Wednesday, March 02, 2011

de Tocqueville Comes True

Alexis de Tocqueville came to the US in the 1840s and as a result of the trip and the observations he gathered wrote a stunning book called Democracy in America.  In the book he commented that one of the risks of the new American system was the potential that the system could evolve negatively if a group discovered that they could get someone else to pay for their requests.

It seems to me that is exactly what the fight in Wisconsin is all about.  A fight by the way that is replicated many times over in other states, including California.  We've set up a system where employees bargain against no one.  Politicians have a natural propensity to kick the can down the road and thus offer huge concessions to their employees (who they are supposedly bargaining with) that do not have to be paid immediately.   Thus, provisions like support of pensions and health benefits can be added, with the politician knowing that the bill will not come due while the politician is serving.  Thus, in the fat times of the early part of the last decade, when market returns were up, wild assumptions about both long term returns on portfolios and long term costs of benefits were accepted as gospel.   What is worse, there is an extra incentive for politicians because they can reap huge contributions to help their own aspirations go forward.  And, even better, because of agency shop, those contributions are involuntarily extracted from the employees.   It has all the elements of a perfect storm.

The model was replicated from benefits programs like Social Security where for generations politicians have offered benefits far in excess of what the system could bear, simply on the notion that the bill would come due later.   Well, now the bills are coming due.

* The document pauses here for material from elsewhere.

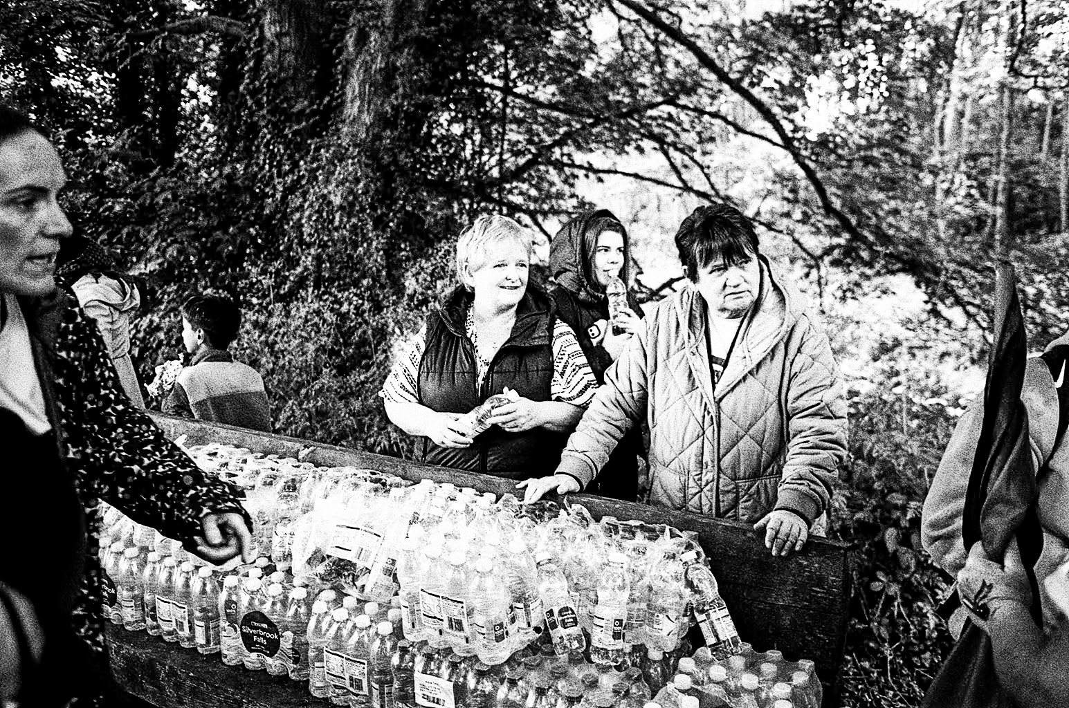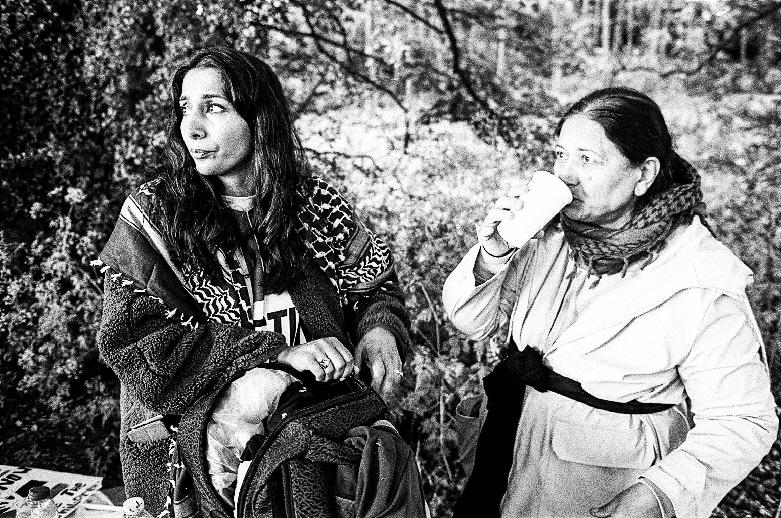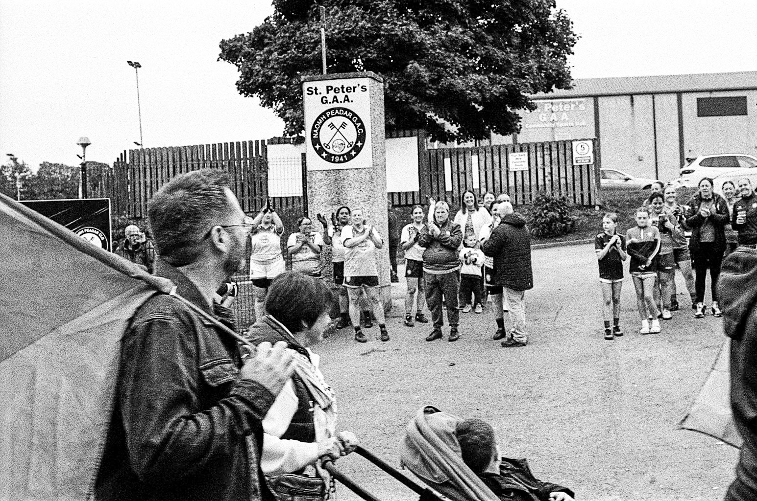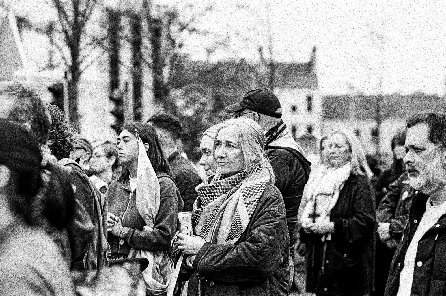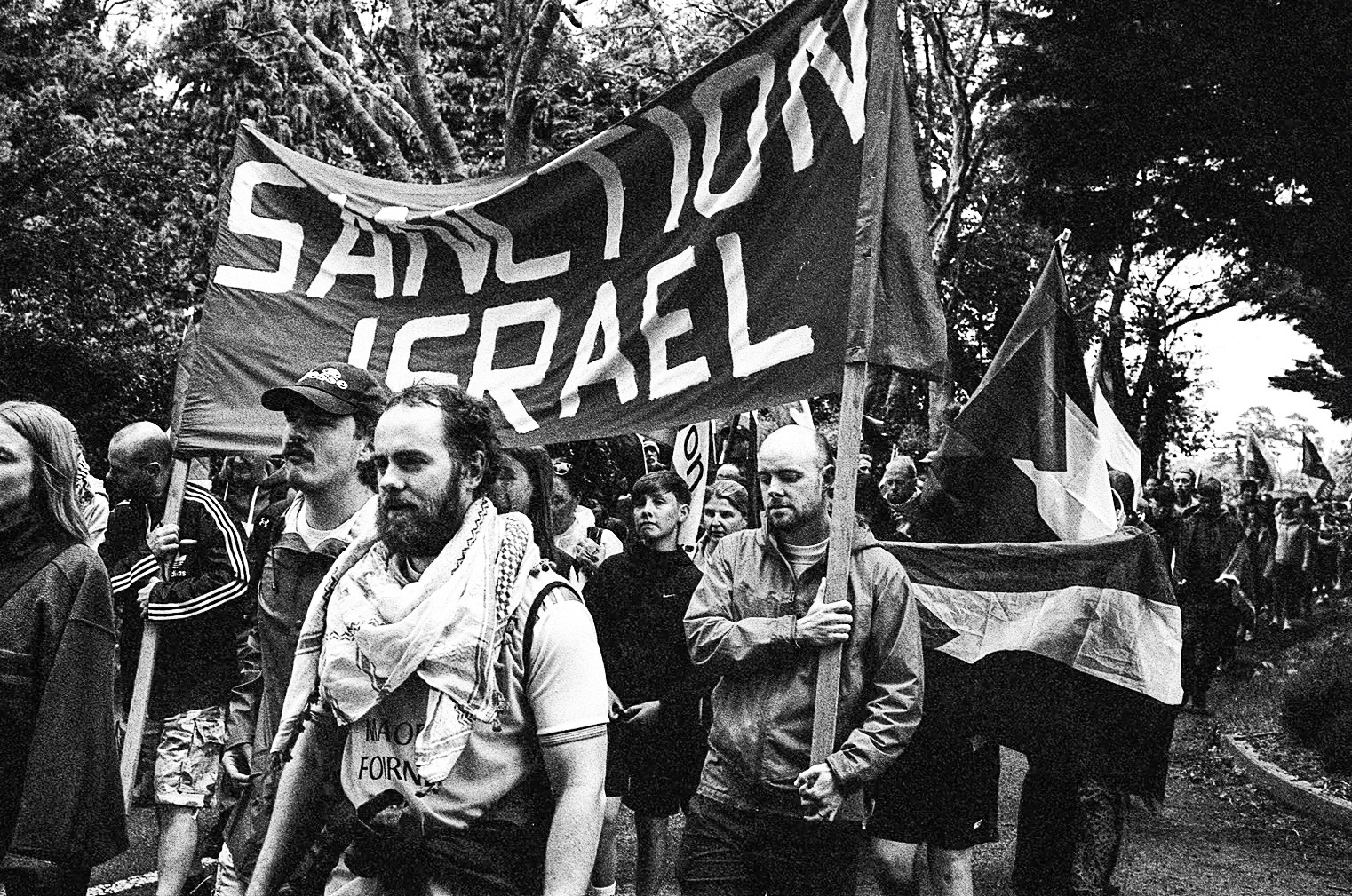 I documented several protests for Gazza including a long walk from Lurgan, County Armagh to Newry, County Down. I used the same equipment and film stocks of the mid-late 20th Century that covered US civil rights and anti Vietnam protests. My aim was to draw contemporary protest photos with pen and inks used by their historical forebears. Working in this fashion I hope to draw parallels and remove aesthetic differences to enable greater understanding.

While Democracy in America was insightful on defining the problem we now face, it was not very good at thinking up solutions.  But Federalist #51 has a pretty good way to do that.  To wit  - "But the great security against a gradual concentration of the several powers in the same department, consists in giving to those who administer each department the necessary constitutional means and personal motives to resist encroachments of the others. The provision for defense must in this, as in all other cases, be made commensurate to the danger of attack. Ambition must be made to counteract ambition. The interest of the man must be connected with the constitutional rights of the place. It may be a reflection on human nature, that such devices should be necessary to control the abuses of government. But what is government itself, but the greatest of all reflections on human nature? If men were angels, no government would be necessary. If angels were to govern men, neither external nor internal controls on government would be necessary. In framing a government which is to be administered by men over men, the great difficulty lies in this: you must first enable the government to control the governed; and in the next place oblige it to control itself. A dependence on the people is, no doubt, the primary control on the government; but experience has taught mankind the necessity of auxiliary precautions."